Yeah, well I didn’t know what to do either. So I did nothing. And I went home. And I tried to tell myself that whatever I felt when I saw this person was nothing. But it was something and I couldn’t let it go. I knew the universe was trying to tell me something, but why now! Why, like this? When I got really quiet and looked deep within, I knew exactly what the universe was trying to tell me. I had known for a while, but I had not wanted to face it. The fact of the matter was this: everything needed to change. I needed to change. I had resisted this change for as long as possible. Now I was standing at the moment when the rubber meets the road. What are you gonna do? kept playing in my mind. I knew it was game time, like they say, and I had to make a decision. Not just about my relationship, but about my life. Was I going to take a chance and open up to something greater or was I going to play it safe? Many who know me think I never play it safe – traveling from one country to the next, picking up and moving overseas at the drop of the dime, doing the unconventional usually. But all that is easy. For me. What’s difficult is opening my heart, making myself completely vulnerable. I had made a nice little life for myself where I knew I wouldn’t be challenged. Emotionally speaking that is. Oh sure I’d be challenged – financially, mentally, physically – but anything having to do with feelings and emotions…well those could just go bother someone else.

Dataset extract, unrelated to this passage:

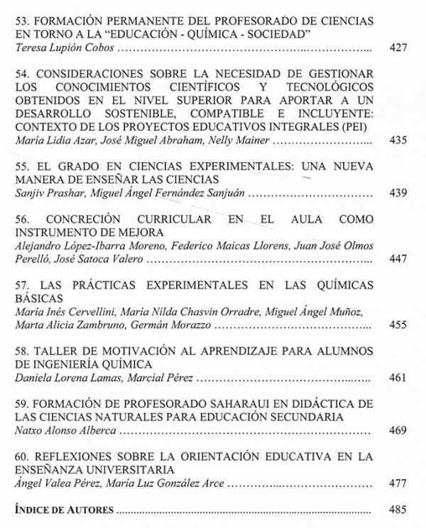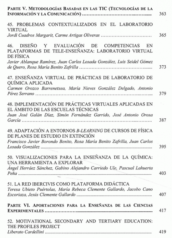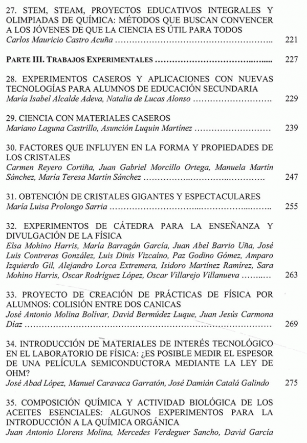 Divulgación científica: enfoques y experiencias, recursos educativos para la física y la química, trabajos experimentales, competencias genéricas y enseñanza de las ciencias experimentales, metodologías basadas en las TIC, aportaciones para la enseñanza de las ciencias experimentales.
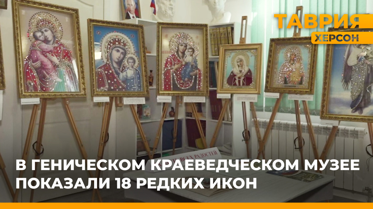 Экспозицию «Радость всех радостей» представили в Геническом краеведческом музее. 18 икон, украшенных стразами, жемчужинами и бархатом привезла жительница Красноярска. С выставкой по воссоединённым регионам она ездит уже три года. Центральная в экспозиции – Семистрельная икона Божьей Матери. Семь мечей здесь означают неизмеримость скорби и печали, которые перенесла Пресвятая Дева в земной жизни, прежде всего видя смерть Сына на кресте. Перед этим ликом молятся о смягчении характера, избавлении от злобы. Всего Любовь Казанцева привезла 18 икон. В окладах для оформления использовала стразы, жемчужины и бархат. Каждую работу делала обязательно под церковную музыку и колокольный звон. «Вы знаете, я порой садилась за работу и вот картинку сама построила, так и так, буду такие камешки использовать, а когда садилась, руки сами брали материал совершенно другой. И уже, когда готова работа я даже не предполагала, что она может быть такой», — отметила Любовь Казанцева. Любовь Казанцева 30 лет прор

We look at this and say, “so was it all about a relationship?” Yes and no. It was about everything! Relationship with a partner, relationship with friends, relationship with my book and success, and ultimately relationship with myself.
So I jumped! I jumped off the proverbial cliff with all the faith in the world that I was following my heart and I would land on that piece of land or cloud or stepping stone that I couldn’t yet see.
As we know, when our hearts are open anything can happen. It was in this state of openness that I chose the path of the unknown. This path that ultimately led me deep into my own heart. And it was here that I was able to conceive of something greater. It was here that I let go and surrendered. And as a result of stepping off that cliff, I walked into the arms of my beloved and current partner. My twin flame, my love that was waiting for me there.
It has been an epic journey of remembering, two souls finding one another across time and space as a result of a divine appointment made long ago and saying yes!
So as I said this last year has been a year of great change for me: I met my twin flame and life partner, I finished and published my book, I moved three times the last of which was out of state to Philadelphia to live with my love, Curtis. I am so grateful to everyone who has been so supportive in my transition. While it has been filled with joy and happiness, it was fraught with a hell of a lot of challenges and heartache along the way. So thank you to all my friends and family for being there for me and for continually reminding me that I wasn’t crazy even though it may have appeared so to the outer world. Thank you all and I love you!